At the school district too, the war created holes that had to be filled and that began to feel like a contagion. First, grade-school librarian Nolan Brown, a grandfather, Vietnam vet and National Guardsman, was called up for a desk job in Baghdad. Math teacher Kathy Mannon stepped into his post. Eleven days later, her husband Dennis, the librarian at the high school, was called up by the Air Force Reserve. Retired teacher Judy Gray, nearing 60, volunteered to fill in for him. Gray’s own daughter Regina Jones had just seen her husband Albert leave for Iraq too. Jones, an elementary-school teacher, says the call-up was a strain on the town’s children, since most knew someone going off to war. “With them all being National Guard” rather than active military, she says, “it was even more of a shock.”

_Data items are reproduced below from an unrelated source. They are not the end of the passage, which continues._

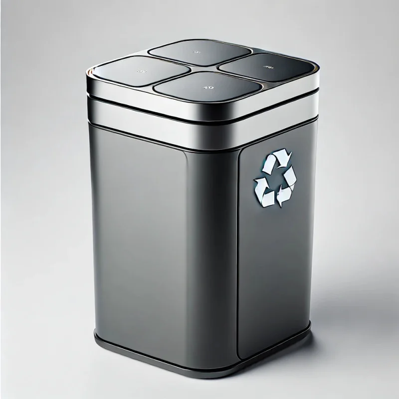 Nowoczesny kosz na śmieci z funkcją segregacji. Wykonany z trwałych materiałów, wyposażony w wygodny system otwierania. Idealny do kuchni lub biura.
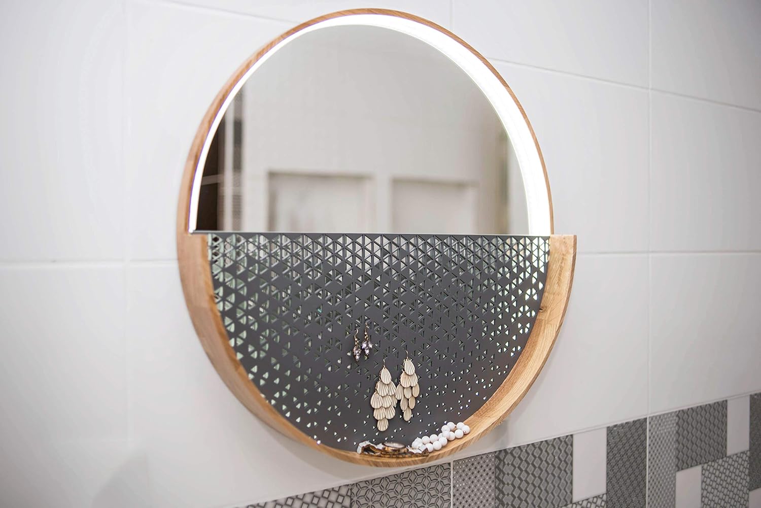 Amazon Com Ewart Woods Mirror With Lights Round Decorative Wall Mirror Wood Circle Mirror Wall Mirror With Controllable Light Brightness Jewelry Organizer Grey
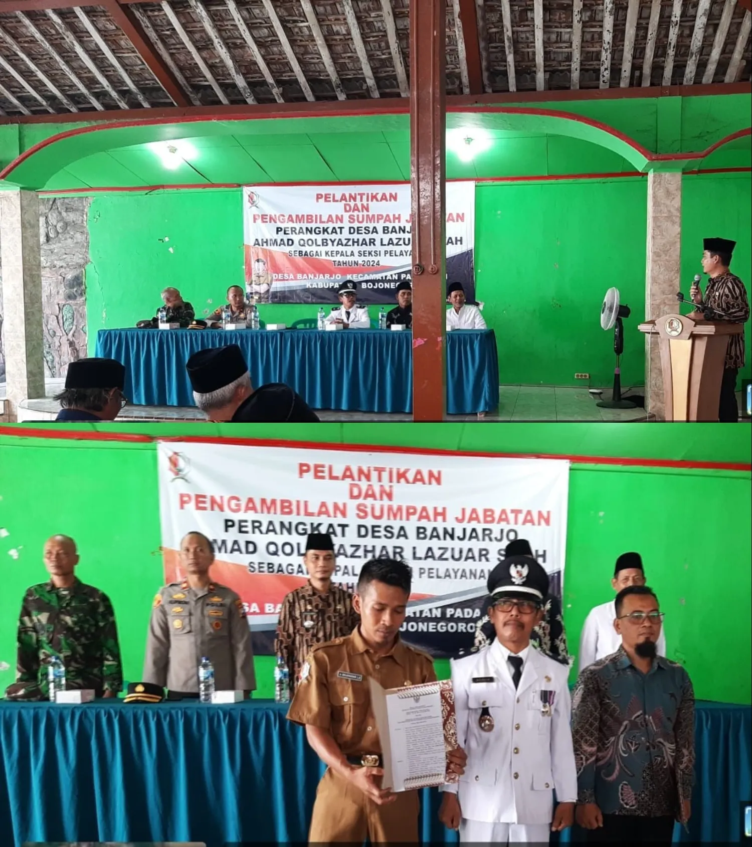 “Alhamdulillah acara pengambilan sumpah jabatan dan pelantikan perangkat desa dalam jabatan Kasi Pelayanan Desa Banjarejo berjalan lancar dan tertib,” kata Kapolsek.
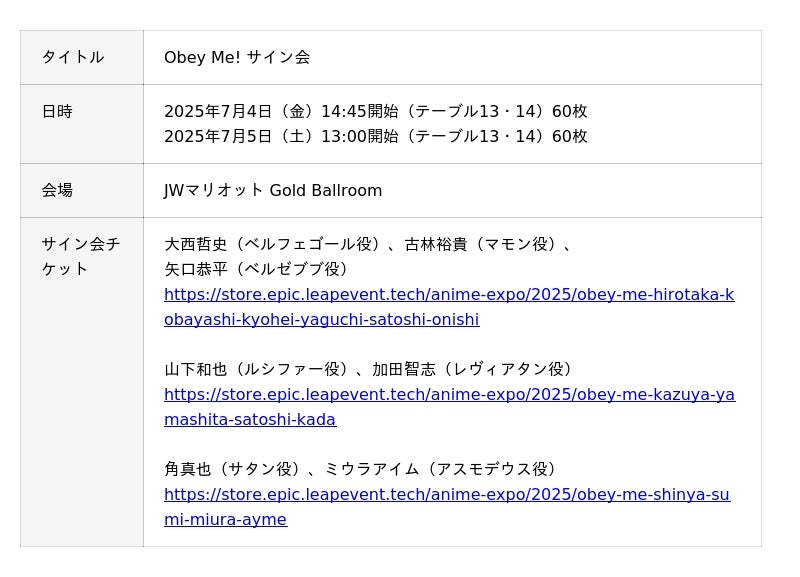 北米最大のアニメイベント「Anime Expo(R)」にて 1,100万DL突破の大人気乙女ゲームアプリ「Obey Me!」3Dバーチャルライブ&サイン会を開催
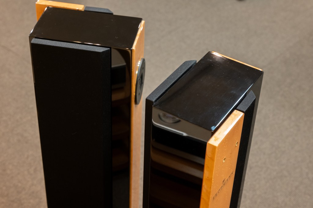 吸音材を使用せず、サウンドボードでレゾナンスをコントロールします。シンプルですが音響的に極めて合理的なエンクロージャー設計をしたスピーカー、その為スピーカー端子もシングルワイヤリングで完結できます。何時間でも聴き続けられる音がその魅力かと思います。コンディション良好、美品です。
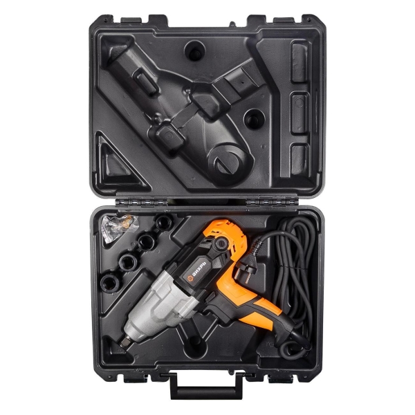 Питание производится от сети 220 В. В комплект входят набор ключей и специальный кейс для удобного хранения инструмента и перемещения с одного места в другое.
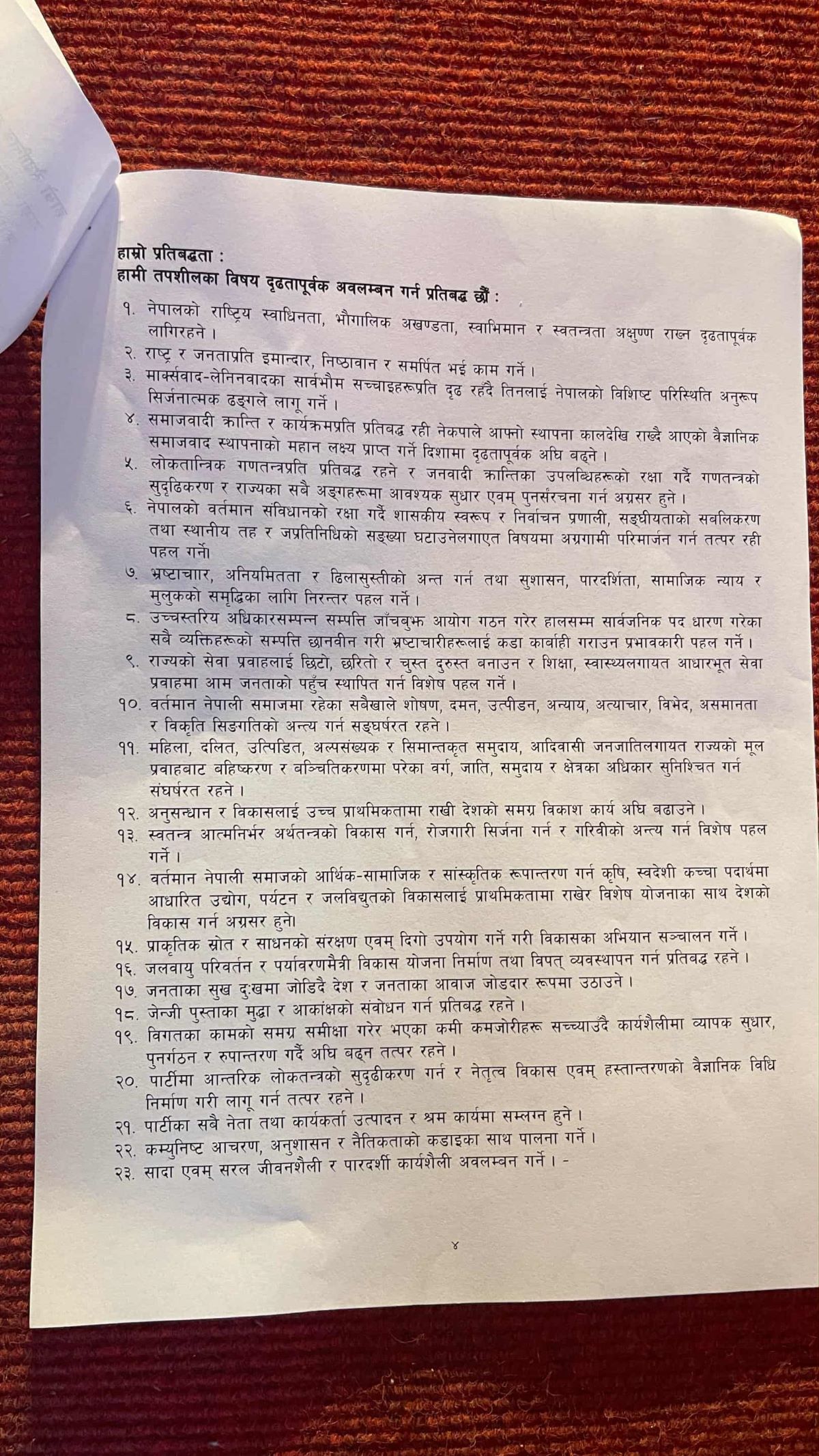By TRN Online, Kathmandu, Nov 5: The Nepali Communist Party has adopted a 23-point commitment paper among which is the commitment to address the issues and aspirations of the Gen Z.
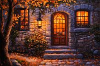 Te midden van de zachte herfstkleuren straalt de verlichte voordeur als een uitnodigend geheim. Geoliede houten panelen en gebogen stenen treden vertellen verhalen van vervlogen tijden, terwijl het flikkerende licht door de ramen naar buiten filtert. Een zacht briesje laat de kleurrijke bladeren dansen en geeft het tafereel een magische…
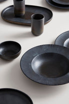 Colore antracite, profondo e versatile, facilmente abbinabile con posate dorate, tovaglie neutre o elementi in legno e ceramica
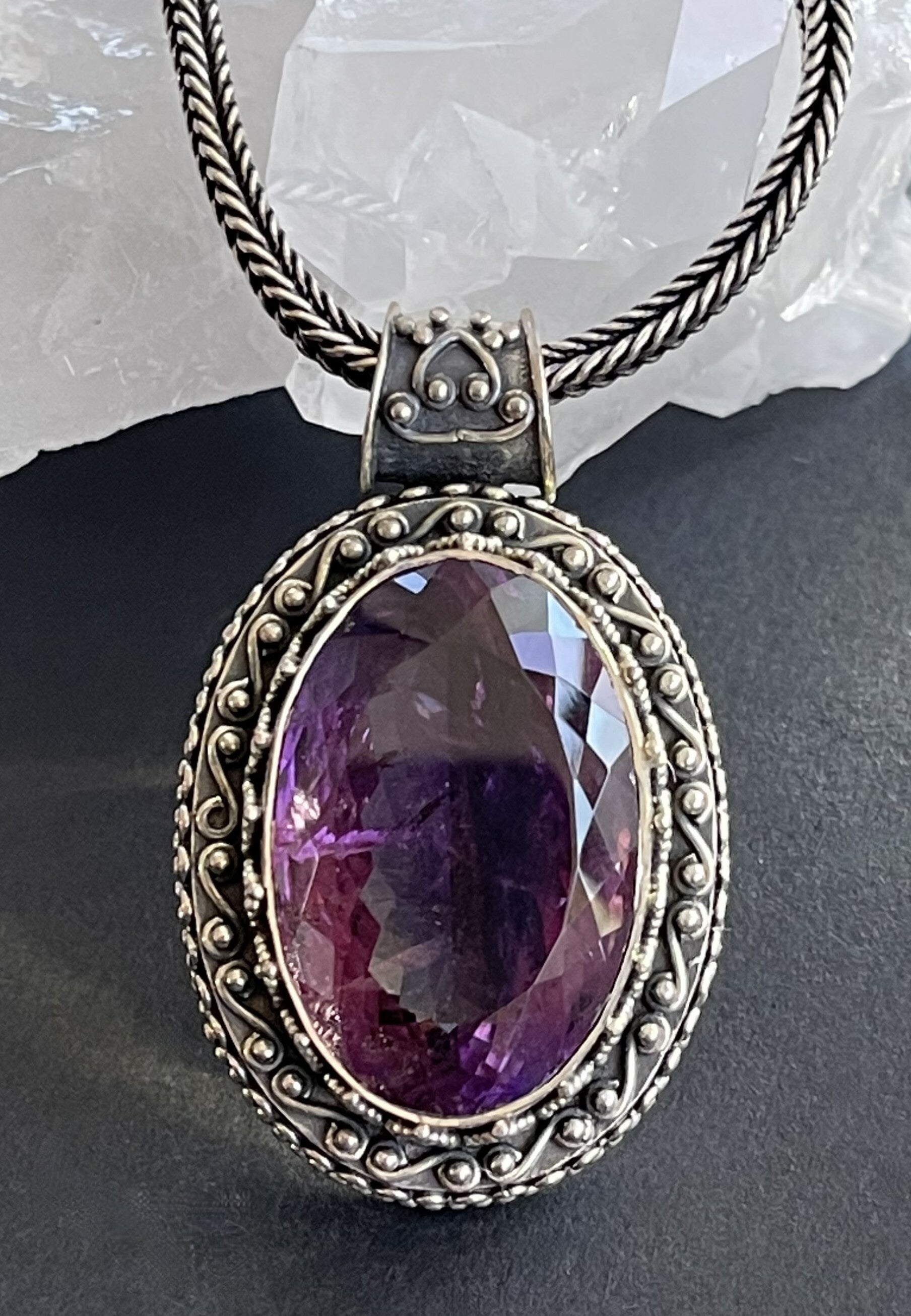 Zilveren hangertje met grote Amethist edelsteen facet geslepen groot. Het zilver is prachtig met de hand bewerkt. De prijs is zonder ketting.
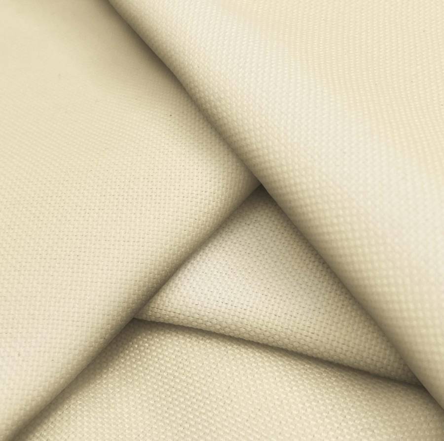 La tela base es la Loneta Reciclada de PET - Dallas, de tipo loneta, con composición 100% poliéster, un gramaje de 260 gr/m2 y un ancho de 160 cm. El color liso impreso es amarillo-ocre claro, con un CMYK de 8 13 40 0, y se combina bien con tonalidades terrosas y verdes. La textura de la tela base es rugosa al tacto y rígida, con un acabado visual opaco.
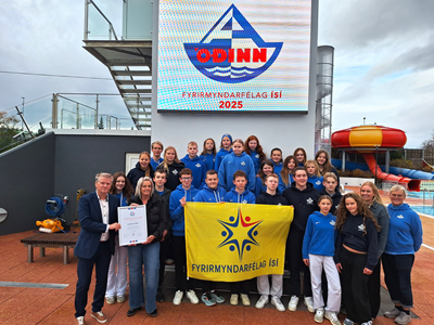 Sundfélagið Óðinn fékk endurnýjun viðurkenningar félagsins sem Fyrirmyndarfélag ÍSÍ við Sundlaug Akureyrar miðvikudaginn 15. október síðastliðinn. Það var Viðar Sigurjónsson sérfræðingur á stjórnsýslusviði ÍSÍ sem afhenti Ástu Birgisdóttur formanni Óðins viðurkenninguna að viðstöddu fjölmenni í blíðviðrinu á Akureyri. Á myndinni eru lengst til vinstri þau Viðar og Ásta með viðurkenninguna á milli sín og lengst til hægri er Ragnheiður Runólfsdóttir yfirþjálfari sundfélagsins og við hlið hennar Helga Björg Ingvadóttir framkvæmdastjóri Íþróttabandalags Akureyrar. Auk þess er á myndinni stór hópur iðkenda innan Fyrirmyndarfélagsins Óðins.
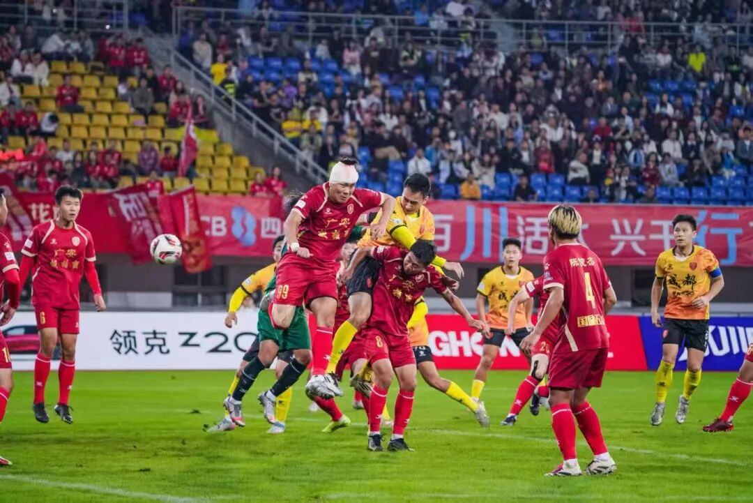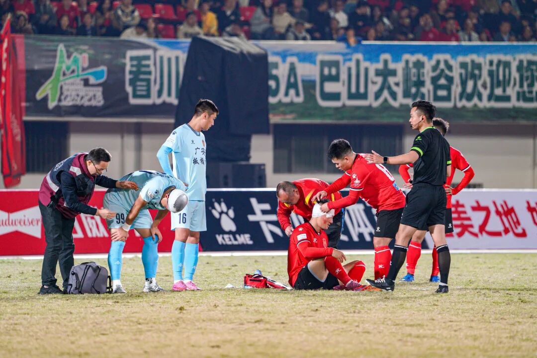 在达州队主场对战广安队的比赛中,达州队21号任洪川眉骨受伤,血洒赛场,但他“带伤作战”,依旧奋力拼搏并进球得分。他用“轻伤不下火线”的韧劲诠释“川汉子”精神。
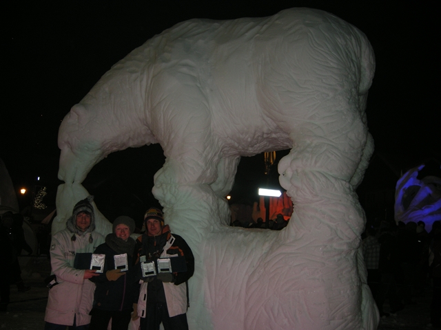 Tāpat vakar no Francijas ielidojuši pirmie Planētas „Ledus” iedzīvotāji – Latvijas māksliniece Inese Valtere – Ūlande un šeit dzīvojošais lietuvietis Donatas Mockus. Abu tēlnieku rokās Jelgavā milzīgie ledus bloki pārtop Koskenkorva ledus bārā. Lai Jelgavā paspētu izdarīt darbus laikā, abi mākslinieki ielidoja no Francijas, kur piedalījās Francijas Sniega skulptūru festivālā. Šajā festivālā, 30 komandu konkurencē, par skulptūru "Mirror" (Atspulgs) Inese, Donatas un komandas biedrs Aleksejs Geiko ieguva rekordlielu uzvaru skaitu – godpilno festivāla 2. vietu, 1. vietu mākslinieku vērtējumā, 1. vietu jauniešu vērtējumā, kā arī publikas simpātiju balvu - kļūstot par pirmo komandu Francijā, kura festivāla 30 gadu pastāvēšanas vēsturē, ieguvusi tik daudz godalgotas vietas.
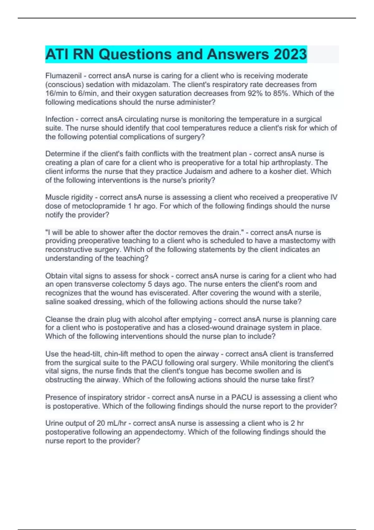 ATI RN Questions and Answers 2023 rated A+ 2023
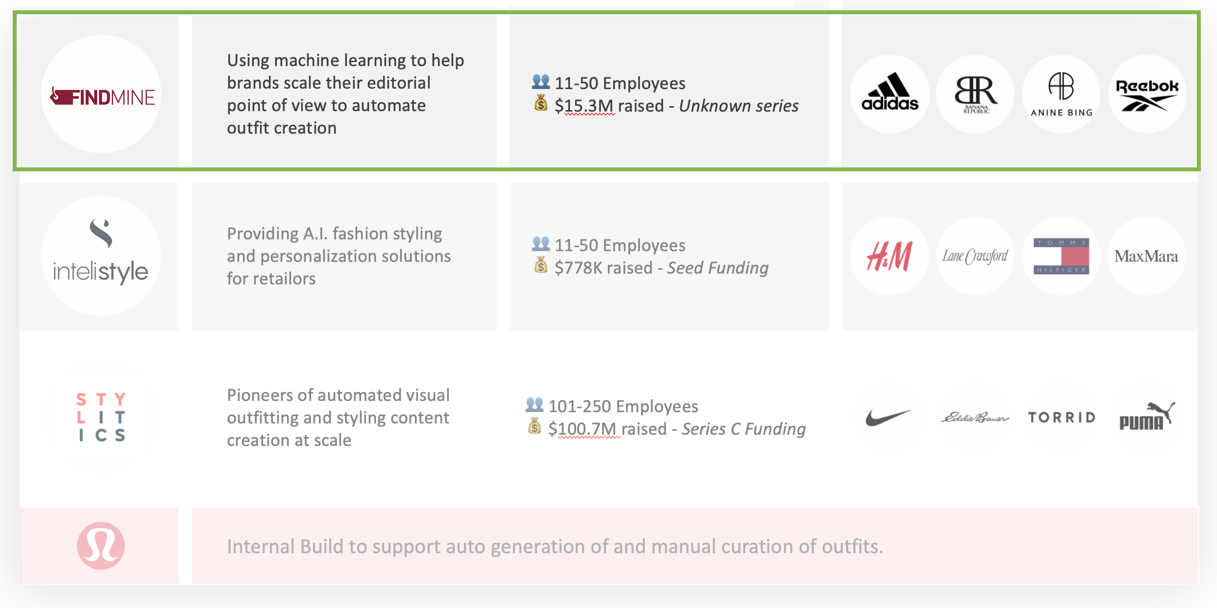 We conducted a build vs buy analysis from a UX/UI, Product and Tech perspective to determine which Ai vendor will be ideal for creating flat-lay images and smartly curate outfits through machine learning.
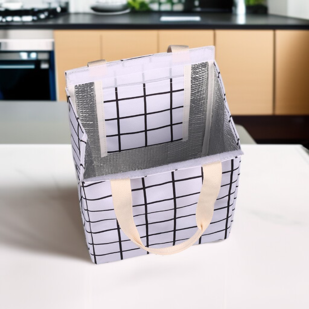 顏色:手提午餐包白色方格、手提午餐包白色菱形、手提午餐包黑色方格、手提午餐包黑色菱形、手提午餐包黃色菱形、手提午餐包灰色波紋、手提午餐包灰色方格

The wives struggled. Farrah Chambliss, pregnant with the police chief’s first child, moved in with her mother even as she continued working as a sales rep for a uniform company. Angela Bunn, the mayor’s wife, found herself with four kids at home, trying to juggle her regular substitute-teaching job with her husband’s insulation business. Handling mold complaints while worrying about his living or dying was tough. “I was taking Paxil and Prozac,” she says. “People said, ‘You’re handling this well,’ and I’d say, ‘That’s the purpose of the medicine.’ But I still worried. I would have panic attacks at night, not in front of the kids. I’d go sit in the closet and cry.”

Now that the mayor and the police chief are back, life in Bradford is settling into old patterns. The short-order cook at McCall’s forgot the mayor’s lunch order on Bunn’s first day back. The men of the “round table,” who gather to gossip every morning and night at Edens Quick Check, are talking trucking, not war or politics. Back in the safe cocoon of Bradford, the police chief is having regrets about re-upping in the Guard, especially since his daughter took her first step. “I believe in God and country and making a sacrifice without crying about it,” says Chambliss. “If I had to go back, I would. But I feel like a guy should only have to go once.”

The mayor, meanwhile, is not due to get out of the Guard until 2009. He has been ordered by his doctors to relax-not that he often succeeds. He finished his first day back at work by personally bushhogging the dense brush on a lot belonging to the town. He issued 46 condemnation notices against residents—six against one alderman—for having junk in their yards last week. His wife reports with a smile that he sometimes forgets where he is and barks, “Do what I say, when I say, how I say” at home too. She just ignores him—one sign, anyway, that life is trying to return to normal in Bradford, Ark.